I love how art creates a dialogue with ourselves - how would we change, extend, enhance, obliterate the artist's vision. That's why I seldom know what my art means, but I want to know what other's means.
Martha, a beautiful piece. I visit DC several x a year and I will make a point to get to that gallery. Art always matter. I cannot imagine how grim life could be without all forms of art, a window into the soul. A wonderful piece. RRRRRRRRRR
Blue: Yes, I think art is meant to affect the viewer and to expand in meaning through the personal connections one makes with it. That came back to be with such force this weekend. We all need to be challenged to expand our view points, every day.

Susan: I love that dialogue also. I'm always happy when readers find new things in a piece I've written or new meanings. And from the perspective of being a creative person, active engagement with my work is what matters to me, even if I may not agree with a reader's conclusions.

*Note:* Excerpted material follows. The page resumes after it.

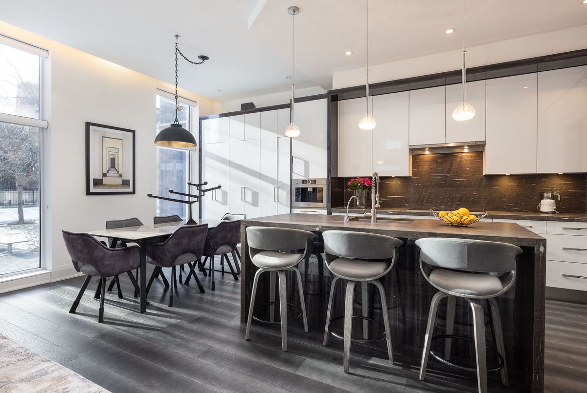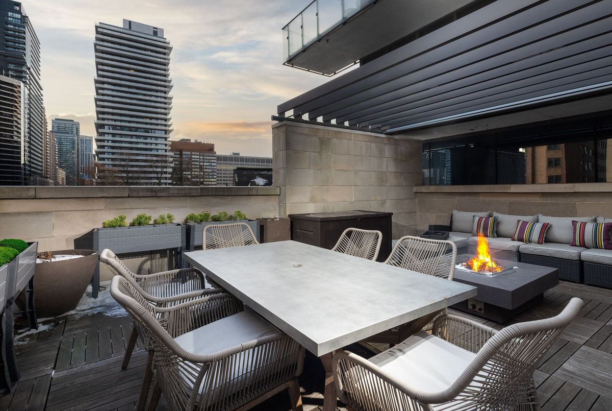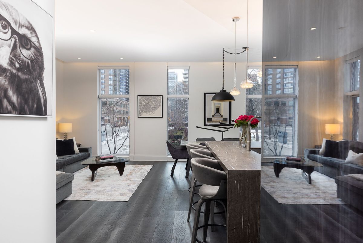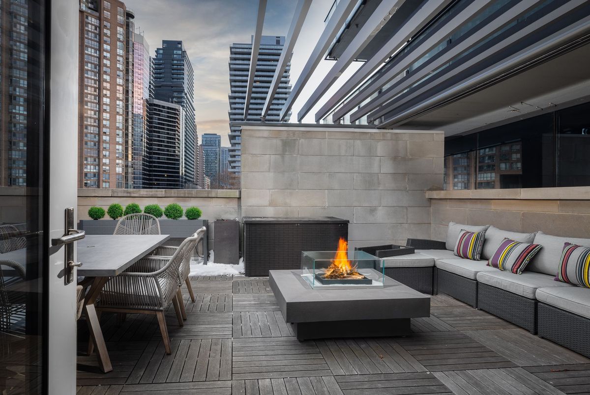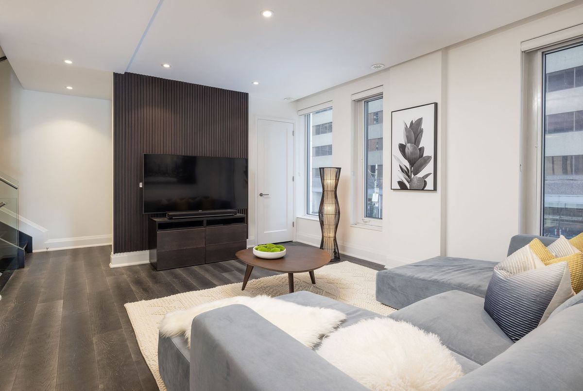 Extraordinary and Rarely Available - (one of only six) - Stunning, 3-storey Yorkville Townhouse, with private elevator to access all floors. Sun-filled corner residence features floor-to-ceiling windows, 10 ft. ceilings, nearly 3000 sq. ft. of luxury living space, sculptural glass stairwell connecting all floors. Exquisite open-concept Irpinia kitchen with Sub Zero & Wolf appliances flows seamlessly into living and dining areas. 3 + 1 Bedrooms, 4 opulent Bathrooms. Lavish Primary Bedroom on top floor has spa-inspired 5-piece ensuite, walk-in and customized closets. Spacious laundry room on 2nd floor. Rooftop terrace offers spectacular south-facing city view, BBQ and fire table, privacy- and weather-protecting canopy. Rare 3-car private car garage; lower-level convenient mudroom; and abundant storage. Building amenities include 24-hour concierge, exercise room, party room, sauna, and visitor parking.Fabulous Bay-Bloor location invites effortless access to Yorkville's uniquely urban attractions: entertainment venues, exclusive shopping, fabulous restaurants and galleries.

Bernie: Thanks so much, and do go to this exhibit at the Sackler, if you can. I think the Tan pieces will be there until January.
Martha - I am an art addict myself, and will see this if I can. But your last paragraphs - you put real passion in those life-affirming words, spoken in such dark times.
This was a beautiful piece and a very strong argument for why art matters. It does, indeed. ~R
When I was grieving for Yves, art saved me. Poetry especially. But looking at art, reading, taking in the art of nature, essays, poems: it all helped. Art serves a purpose. I'm sorry that it keeps having to prove itself to those who can't see its intrinsic worth.
Yes, it matters so much more than even we artists sometime realize. It helps all of us to shape our respective worlds. It kindly gives us tenable designs that smooth out the bumps in our lives. It gives us vision, sounds and words that restore our belief in the absolute power of the human imagination. It matters...it does...
As a starving artist who wonders if it's all worth it sometimes.... thank you. R.
Her images also remind of a modern day Vermeer, taking ordinary scenes and making them extraordinary.
Vermeer, yes. I think Tan's reference to him are very deliberate, especially in the muted palette of her images with occasional bright streaks of color or illumination.
The artist expresses his own inner being through a creation
and this 'art really is a living breathing expression of that artist's most prescious thing - his/ her self. The art has the ability to reach into our inner beings ..It can slices right open, plow through the human waste,rip us open , and turn our hearts upside down!
It shakes down the walls that have been born out of fear (fear of loving and feeling fully , I suppose), creates new us
the same but more . The artist touches us , changes us and frees us..it is a connection of souls...and to me it is divine. Your sharing of your deepest self in words is an art that has touched me.